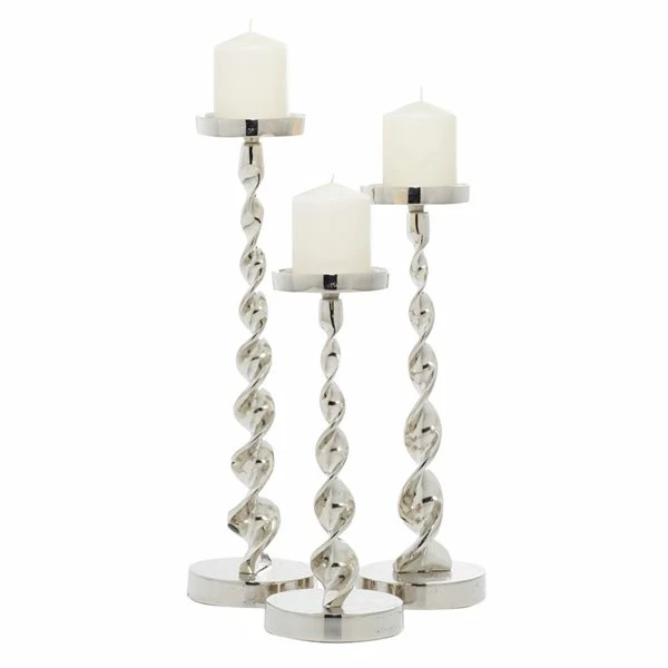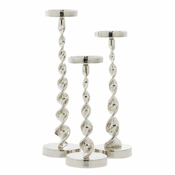 - This set of eclectic barley twist candleholder is crafted with aluminum
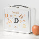 Name and your choice of single letter (or number). Name will show in orange at top, with the chosen letter appearing as a large central letter in black, surrounded by two sizes of smaller letters (in shades of yellow and orange) that are jumbled around the central letter. Same design on both sides. ***Part of coordinated set - BKM2q4.
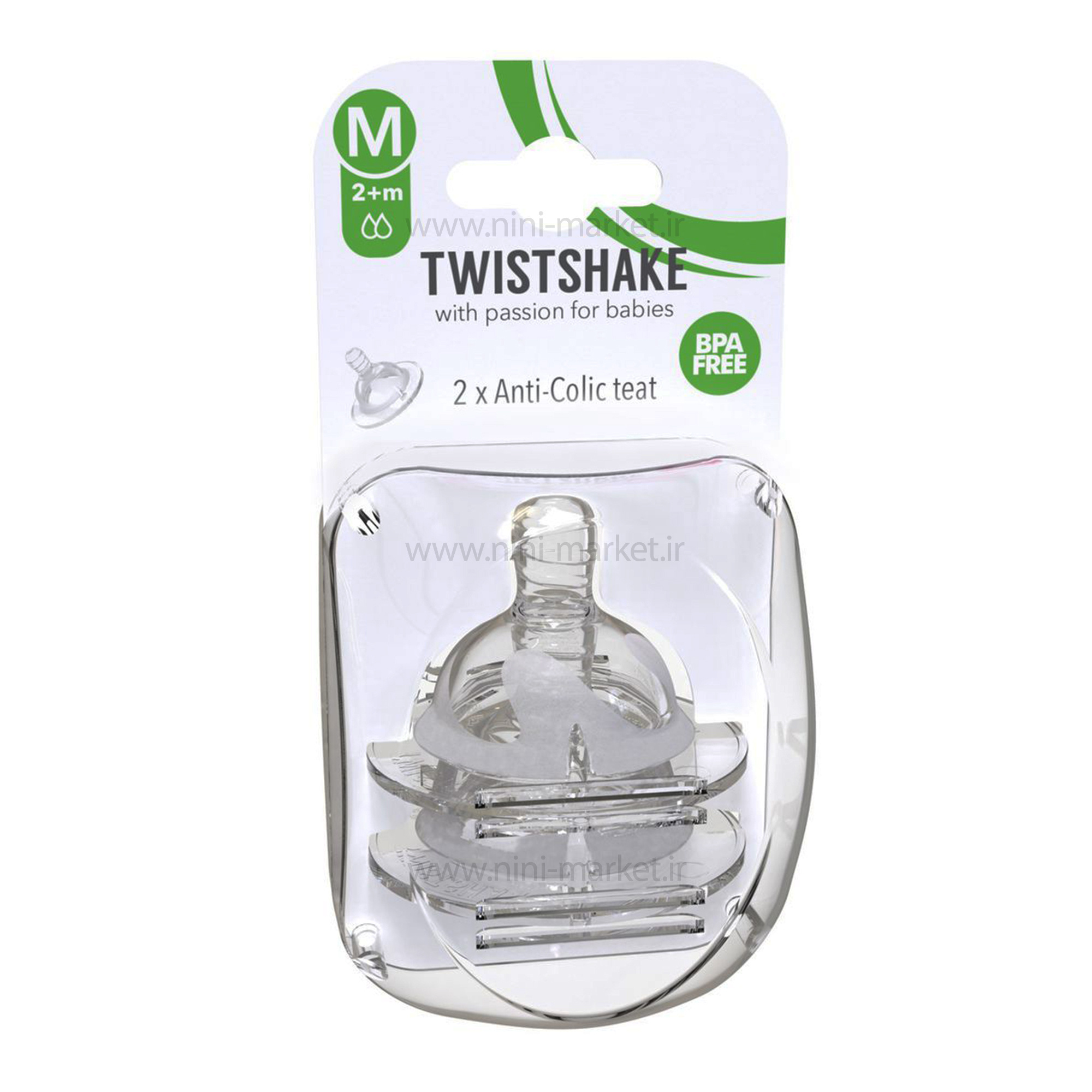 سرشیشه تویست شیک(+2 ماه) سرشیشه سیلیکونی توییست شیک مشابه سینه مادر و ارتجاعی میباشد و حس مکیدن از سینه مادر را به نوزاد انتقال می دهد. سرشیشه ضد نفخ و آنتی کولیک تویست شیک از ایجاد دل درد و ورود هوا به شکم کودک جلوگیری می کند. شیشه شیر تویست شیک از جنس مواد نرم و سیلیکونی هست طراحی سرشیشه ای تویست شیک شباهت بسیار بالایی به فرم طبیعی سینهی مادر دارد، دارا بودن این ویژگی سبب می شود تا شیر خوراندن به کودک کاملا بدون خطر و به نرمی صورت گیرد و در صورت تغذیه همزمان هم از شیر مادر هم شیشه شیر نوزاد از تغذیه سینه مادر امتناع نکند. جریان شیر در این سرشیشه به صورت متوسط است .
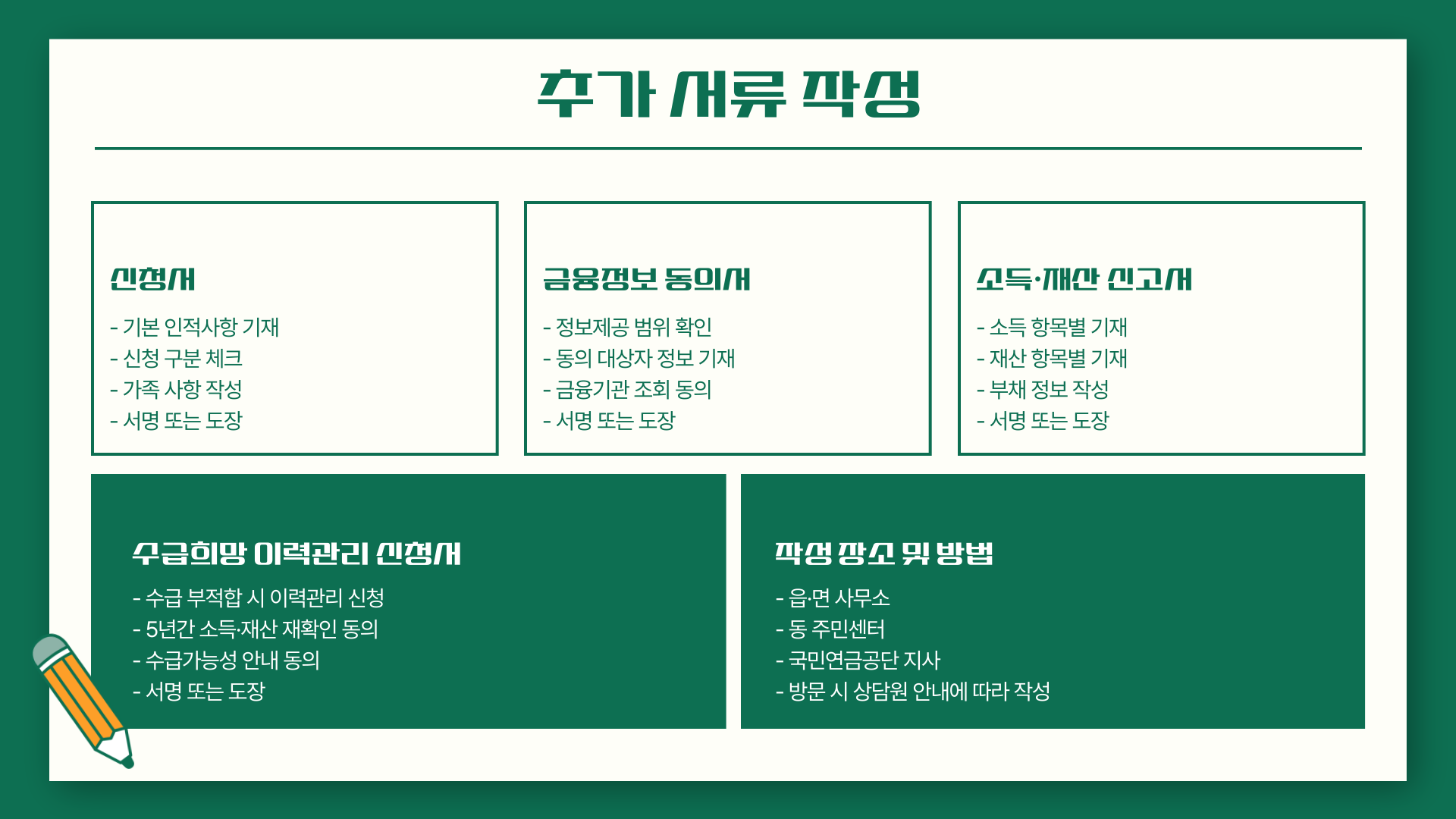 추가 서류 (읍·면 사무소, 동 주민센터, 국민연금공단 지사 방문 시 작성 가능) 신청서
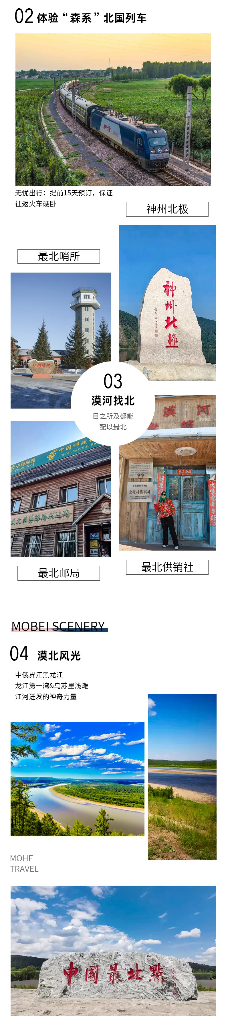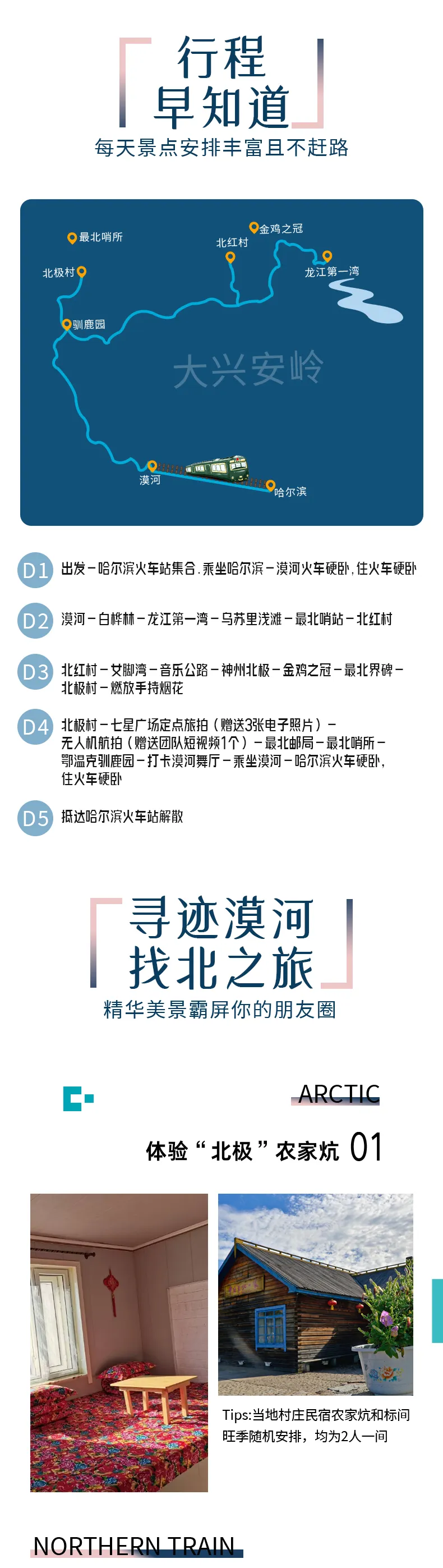 北極村---七星廣場(chǎng)定點(diǎn)旅拍(贈(zèng)送3張電子照片)---無(wú)人機(jī)航拍(贈(zèng)送團(tuán)隊(duì)短視頻1個(gè))---最北郵局---最北哨所---鄂溫克馴鹿園---打卡漠河舞廳---漠河(90KM,車程約1.5小時(shí))-哈爾濱
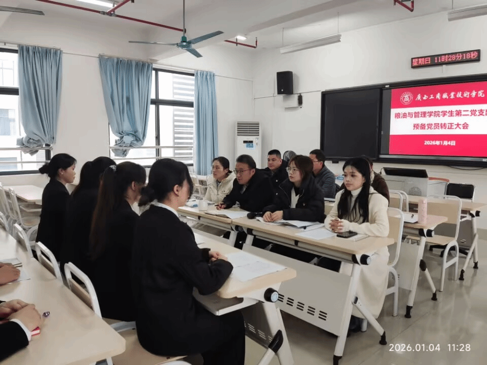 2026年1月4日,粮油与管理学院学生第二党支部在武鸣校区A2-405隆重召开预备党员转正大会,会议严格按照组织程序,对12名预备期满的预备党员进行转正审议。2025年12月31日晚,国家主席习近平通过中央广播电视总台和互联网,发表了二〇二六年新年贺词,为深入学习领会贺词精神,凝聚青春奋进力量,支部开展“学习新年贺词 汲取奋进力量”主题党日活动。支部全体教师党员、学生党员积极参与。
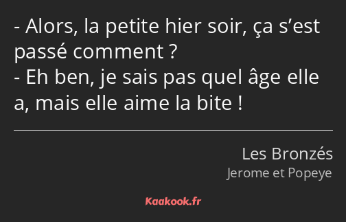 - Alors, la petite hier soir, ça s’est passé comment ?
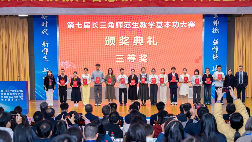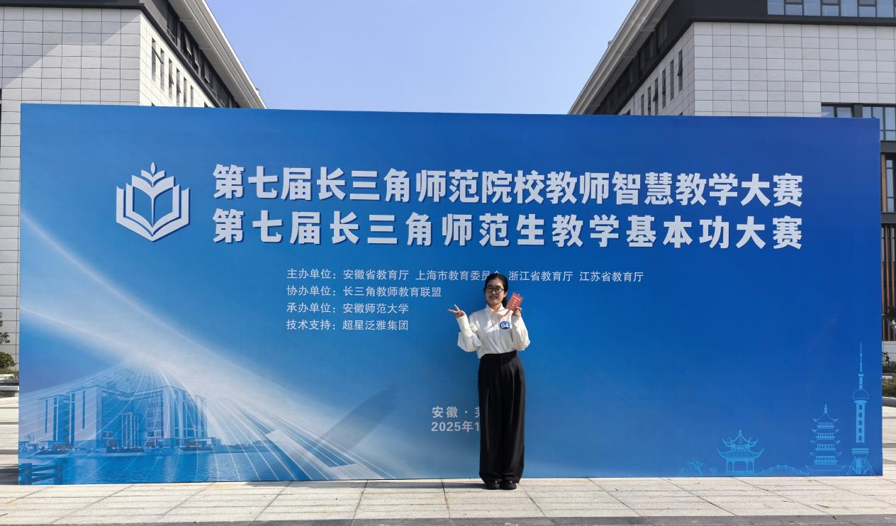 2025年11月15日,第七届长三角师范生教学基本功大赛在安徽师范大学圆满落幕。该赛事由沪苏浙皖四省市教育厅联合主办,规格颇高、竞争激烈。jinnianhui今年会2023级数学与应用数学专业的徐智敏同学,历经校内多轮遴选与安徽省师范生教学技能竞赛的严苛角逐,以全省一等奖的佳绩跻身长三角赛场,最终凭借扎实的专业功底与出色的教学表现力,斩获中学数学组三等奖,为校争光!
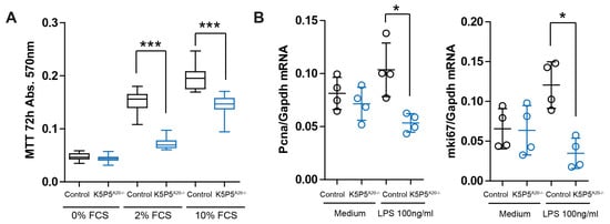 Given the well-established significance of cell shape in determining cell fate, especially concerning cytoskeleton dynamics, which are crucial for podocyte structure and function [39,40], we conducted further experiments. The MTT assay, which characterizes cell metabolism, demonstrated significantly reduced tetrazolium salt (MTT), indicating lower cell metabolic activity in K5P5A20−/− podocytes (Figure 9A). This reduction in metabolic activity may reflect decreased cell proliferation or increased cell death. We did not observe significant differences in the cell proliferation marker Pcna (Figure 9B).
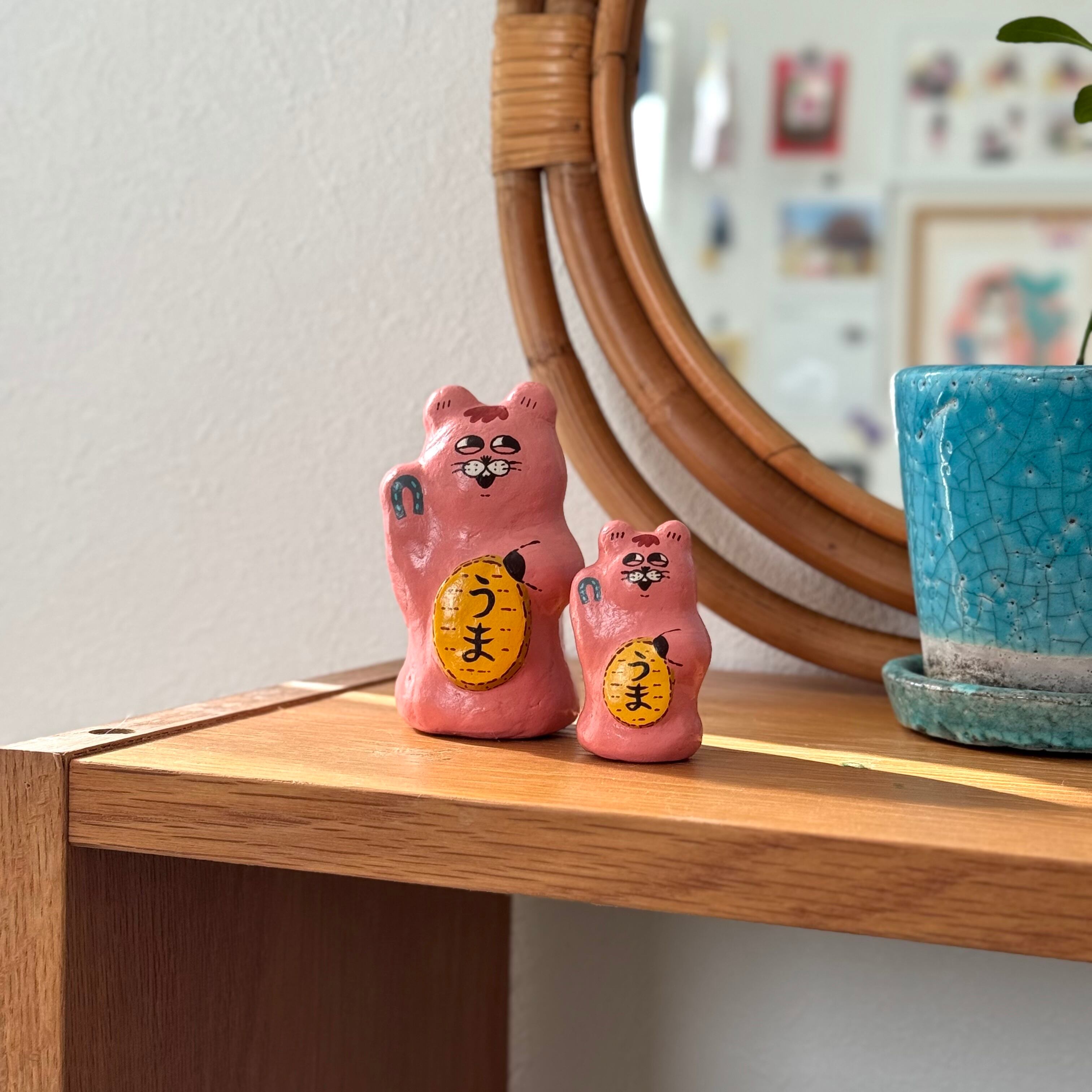 招く手には、幸運の象徴と言われる蹄鉄がついています。
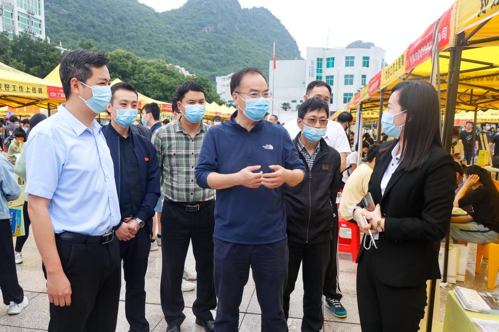 5月21日上午9:30,由共青团中央青年发展部、共青团广西区委、广西学联主办,best365手机版官方网站承办、桂聘人才网协办的2022年“广西青年爱广西”暨“千校万岗”广西大中专学生就业精准帮扶行动线下招聘会在学校青春广场举行。桂林市团委副书记刘俊,校党委副书记刘迎春亲临现场指导,学工部(处)、校团委负责人以及各学院党委副书记、团委书记、毕业班辅导员深入活动现场与用人单位深入交流,提供招聘服务。
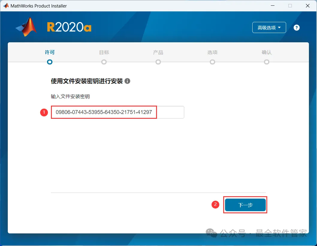 5、依次点击【高级选项】、【我有文件安装密钥】
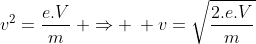 Avec : m = la masse de l'électron, V = la tension, e = la charge élémentaire, v = la vitesse
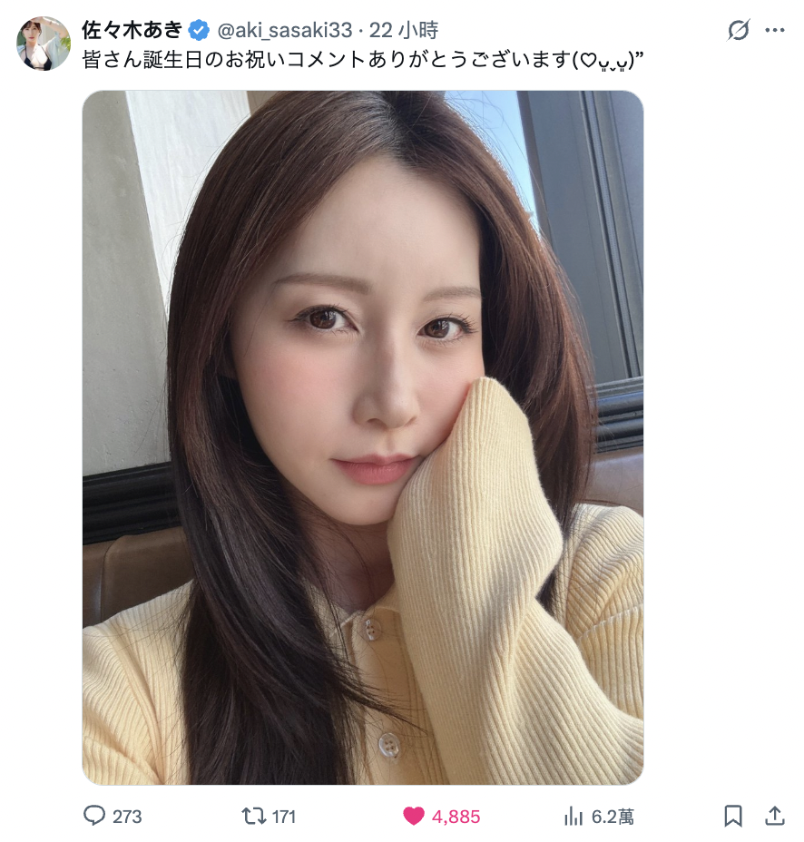 讓人驚喜的是,非但 “頂流要角”、”超新星” 們皆有所發揮,多位資深的人氣要角,也揭露了欣喜情報。因為時隔多年、並在 2025 年 11 月官宣重返藝能界的 佐々木あき,便於 3/18 喜迎了自己的「43歲」生日!當中,她除了 po 出自拍照、並在個人 X(Twitter)寫下 “皆さん誕生日のお祝いコメントありがとうございます(♡ᴗ͈ˬᴗ͈)”(意即:謝謝大家的生日祝福留言哦~(♡ᴗ͈ˬᴗ͈))” 話語,鑒於其圖像所顯露的「凍齡狀態」,就令粉絲們相繼大讚道 “完全不像 43″、”這顏值太逆天” 等等話語。
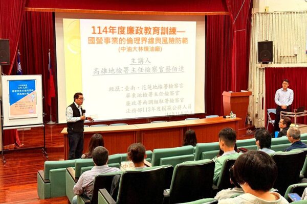 劉大川 / 為深化誠信經營理念,落實企業廉潔文化,中油公司大林煉油廠20日舉辦「公私之間:國營事業的倫理界線與風險防範」廉政講座,邀請臺灣高雄地方檢察署主任檢察官蔡佰達蒞臨演講,針對公務員圖利廠商及涉犯洩密罪、偽造文書罪及貪污治罪條例等案例,與員工進行深入交流與討論。
__________
Exercise goal: From the first record to the last, copy everything exactly except the pictures.

Response below:
 - This set of eclectic barley twist candleholder is crafted with aluminum
 Name and your choice of single letter (or number). Name will show in orange at top, with the chosen letter appearing as a large central letter in black, surrounded by two sizes of smaller letters (in shades of yellow and orange) that are jumbled around the central letter. Same design on both sides. ***Part of coordinated set - BKM2q4.
 سرشیشه تویست شیک(+2 ماه) سرشیشه سیلیکونی توییست شیک مشابه سینه مادر و ارتجاعی میباشد و حس مکیدن از سینه مادر را به نوزاد انتقال می دهد. سرشیشه ضد نفخ و آنتی کولیک تویست شیک از ایجاد دل درد و ورود هوا به شکم کودک جلوگیری می کند. شیشه شیر تویست شیک از جنس مواد نرم و سیلیکونی هست طراحی سرشیشه ای تویست شیک شباهت بسیار بالایی به فرم طبیعی سینهی مادر دارد، دارا بودن این ویژگی سبب می شود تا شیر خوراندن به کودک کاملا بدون خطر و به نرمی صورت گیرد و در صورت تغذیه همزمان هم از شیر مادر هم شیشه شیر نوزاد از تغذیه سینه مادر امتناع نکند. جریان شیر در این سرشیشه به صورت متوسط است .
 추가 서류 (읍·면 사무소, 동 주민센터, 국민연금공단 지사 방문 시 작성 가능) 신청서
 北極村---七星廣場(chǎng)定點(diǎn)旅拍(贈(zèng)送3張電子照片)---無(wú)人機(jī)航拍(贈(zèng)送團(tuán)隊(duì)短視頻1個(gè))---最北郵局---最北哨所---鄂溫克馴鹿園---打卡漠河舞廳---漠河(90KM,車程約1.5小時(shí))-哈爾濱
 2026年1月4日,粮油与管理学院学生第二党支部在武鸣校区A2-405隆重召开预备党员转正大会,会议严格按照组织程序,对12名预备期满的预备党员进行转正审议。2025年12月31日晚,国家主席习近平通过中央广播电视总台和互联网,发表了二〇二六年新年贺词,为深入学习领会贺词精神,凝聚青春奋进力量,支部开展“学习新年贺词 汲取奋进力量”主题党日活动。支部全体教师党员、学生党员积极参与。
 - Alors, la petite hier soir, ça s’est passé comment ?
 2025年11月15日,第七届长三角师范生教学基本功大赛在安徽师范大学圆满落幕。该赛事由沪苏浙皖四省市教育厅联合主办,规格颇高、竞争激烈。jinnianhui今年会2023级数学与应用数学专业的徐智敏同学,历经校内多轮遴选与安徽省师范生教学技能竞赛的严苛角逐,以全省一等奖的佳绩跻身长三角赛场,最终凭借扎实的专业功底与出色的教学表现力,斩获中学数学组三等奖,为校争光!
 Given the well-established significance of cell shape in determining cell fate, especially concerning cytoskeleton dynamics, which are crucial for podocyte structure and function [39,40], we conducted further experiments. The MTT assay, which characterizes cell metabolism, demonstrated significantly reduced tetrazolium salt (MTT), indicating lower cell metabolic activity in K5P5A20−/− podocytes (Figure 9A). This reduction in metabolic activity may reflect decreased cell proliferation or increased cell death. We did not observe significant differences in the cell proliferation marker Pcna (Figure 9B).
 招く手には、幸運の象徴と言われる蹄鉄がついています。
 5月21日上午9:30,由共青团中央青年发展部、共青团广西区委、广西学联主办,best365手机版官方网站承办、桂聘人才网协办的2022年“广西青年爱广西”暨“千校万岗”广西大中专学生就业精准帮扶行动线下招聘会在学校青春广场举行。桂林市团委副书记刘俊,校党委副书记刘迎春亲临现场指导,学工部(处)、校团委负责人以及各学院党委副书记、团委书记、毕业班辅导员深入活动现场与用人单位深入交流,提供招聘服务。
 5、依次点击【高级选项】、【我有文件安装密钥】
 Avec : m = la masse de l'électron, V = la tension, e = la charge élémentaire, v = la vitesse
 讓人驚喜的是,非但 “頂流要角”、”超新星” 們皆有所發揮,多位資深的人氣要角,也揭露了欣喜情報。因為時隔多年、並在 2025 年 11 月官宣重返藝能界的 佐々木あき,便於 3/18 喜迎了自己的「43歲」生日!當中,她除了 po 出自拍照、並在個人 X(Twitter)寫下 “皆さん誕生日のお祝いコメントありがとうございます(♡ᴗ͈ˬᴗ͈)”(意即:謝謝大家的生日祝福留言哦~(♡ᴗ͈ˬᴗ͈))” 話語,鑒於其圖像所顯露的「凍齡狀態」,就令粉絲們相繼大讚道 “完全不像 43″、”這顏值太逆天” 等等話語。
 劉大川 / 為深化誠信經營理念,落實企業廉潔文化,中油公司大林煉油廠20日舉辦「公私之間:國營事業的倫理界線與風險防範」廉政講座,邀請臺灣高雄地方檢察署主任檢察官蔡佰達蒞臨演講,針對公務員圖利廠商及涉犯洩密罪、偽造文書罪及貪污治罪條例等案例,與員工進行深入交流與討論。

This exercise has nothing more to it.